§ Directions for this task
The lines to copy run from the one containing "高層オフィスビルでは、梅雨時" to the end of the listing. Please write them out exactly, minus the pictures.

§ Dataset extract
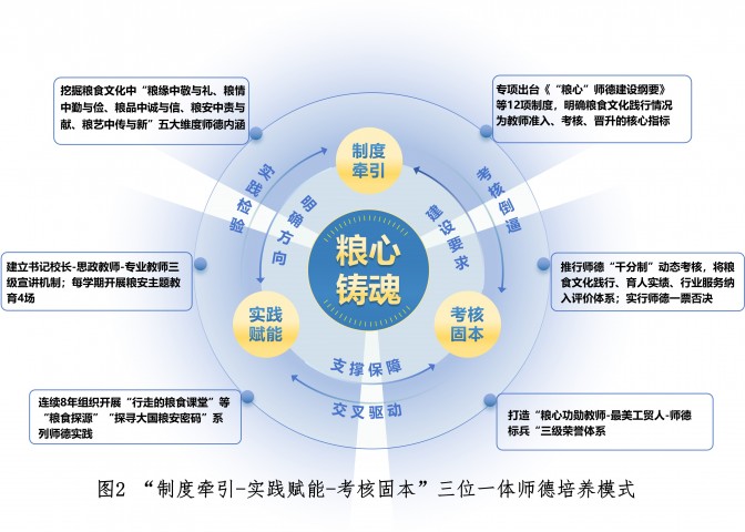 (1)“粮心”铸魂,构建“制度牵引—实践赋能—考核固本”三位一体师德培养模式
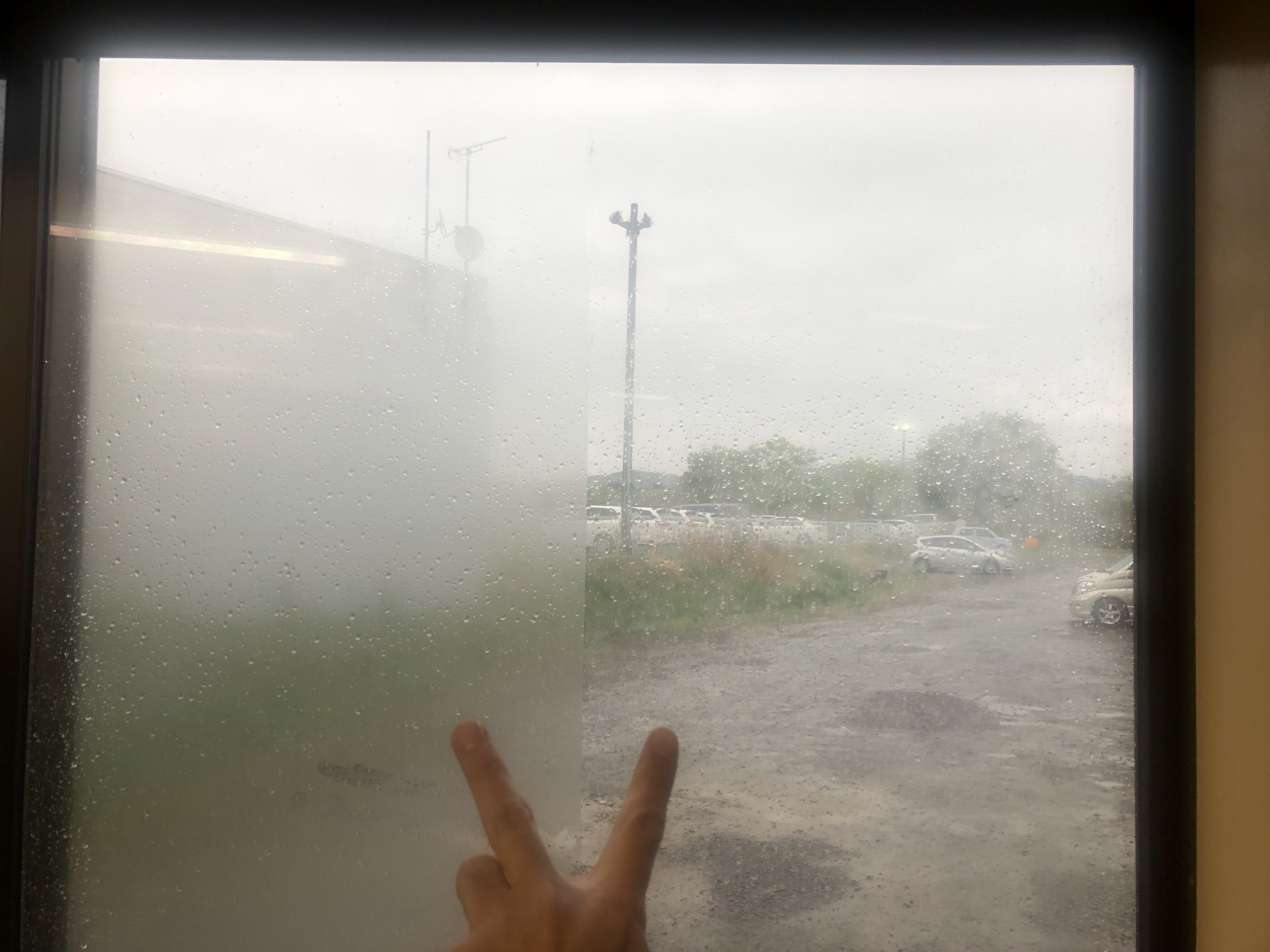 高層オフィスビルでは、梅雨時や冬に大きな窓ガラスが曇り、また社員が1フロアに100人近くいるため吐いた息が窓ガラスに結露して窓が曇った状況が続いていました。大きな窓ガラスからも外の景色を見られなくなり、また衛生的にもガラスに付いた結露は悪く、対応を探していました。そこで窓ガラス一面だけに貼って試してみると貼っていない窓ガラスとの違いに驚きました。また費用も高価で工期も長い換気設備をするより、安価で1日で作業完了と素早い為、結露防止フィルム貼りを依頼しました。
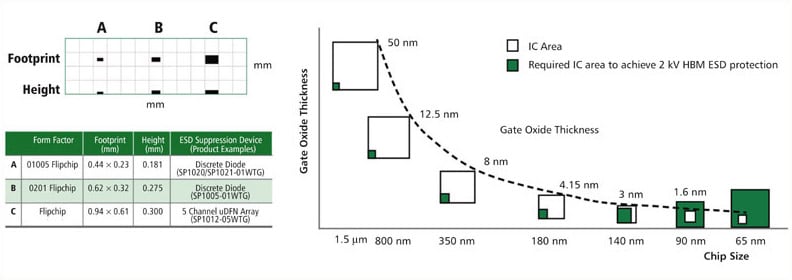 Today’s ESD diodes offer a variety of performance benefits for Augmented Reality applications led by a small form factor (Figures 2 and 3). The following recommendations for the selection and configuration of ESD diode technologies will help design engineers optimize their future circuit designs.
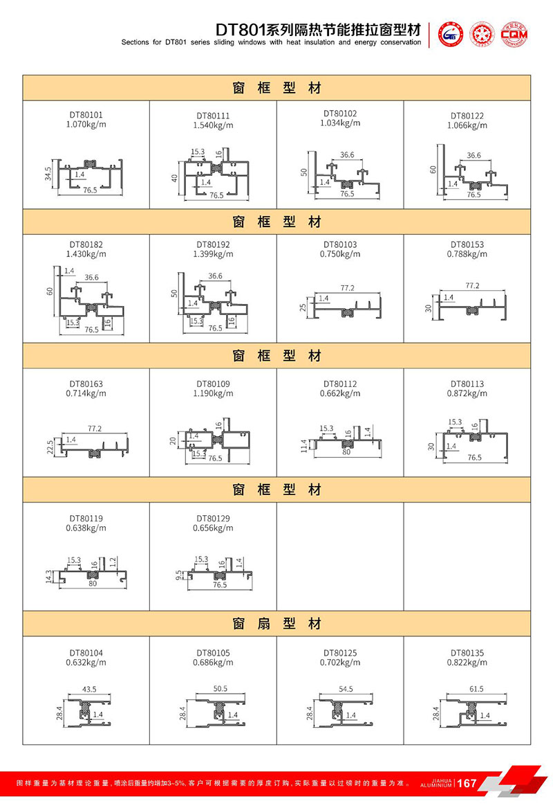 推拉窗系列 平開窗系列 平開門系列 斷橋隔熱系列 幕墻系列 通用型材系列

§ Completed exercise
 高層オフィスビルでは、梅雨時や冬に大きな窓ガラスが曇り、また社員が1フロアに100人近くいるため吐いた息が窓ガラスに結露して窓が曇った状況が続いていました。大きな窓ガラスからも外の景色を見られなくなり、また衛生的にもガラスに付いた結露は悪く、対応を探していました。そこで窓ガラス一面だけに貼って試してみると貼っていない窓ガラスとの違いに驚きました。また費用も高価で工期も長い換気設備をするより、安価で1日で作業完了と素早い為、結露防止フィルム貼りを依頼しました。
 Today’s ESD diodes offer a variety of performance benefits for Augmented Reality applications led by a small form factor (Figures 2 and 3). The following recommendations for the selection and configuration of ESD diode technologies will help design engineers optimize their future circuit designs.
 推拉窗系列 平開窗系列 平開門系列 斷橋隔熱系列 幕墻系列 通用型材系列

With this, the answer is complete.